I once got this in 4.19.3 as well, but after a few shutdowns and the last shutdown holding the power button, this was resolved. I did have issues login in as well (Don't)

I'm on a HP ENVY x360 Convertible 15-bq0xx/8311, BIOS F.08 with only Fedora 28.

The APCI-config was fixed in https://bugzilla.kernel.org/show_bug.cgi?id=198715 .

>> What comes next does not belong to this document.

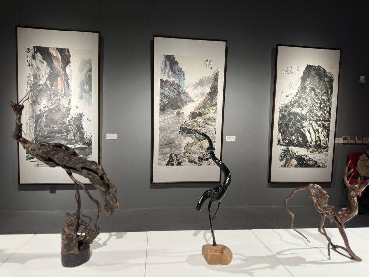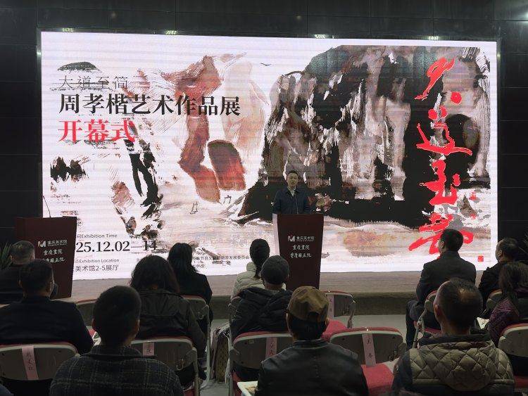 重庆美术馆(重庆画院)书记、馆长(院长)王发荣表示,通过周孝楷的作品,可以看到东方哲学与西方美学的对话。其中国画笔触酣畅如江流奔涌,油画则以苏式风格的厚重笔触描绘出了三峡的壮阔与人文的温情交融。展厅中陈列的根艺作品也展现了艺术家“以简驭繁”的美学追求。

Comment 1 Bram Coenen 2018-11-29 18:51:30 UTC
Created attachment 279743 [details]
dmesg after boot, 4.19.3, working touchscreen
Comment 2 Bram Coenen 2018-11-29 18:58:55 UTC
Just checked. The kernel version doesn't matter, a decent about of reboots does the trick to get the touchscreen working even on 4.19.4.
Comment 3 Bram Coenen 2018-11-29 19:11:53 UTC
[   16.587361] irq 7: nobody cared (try booting with the "irqpoll" option)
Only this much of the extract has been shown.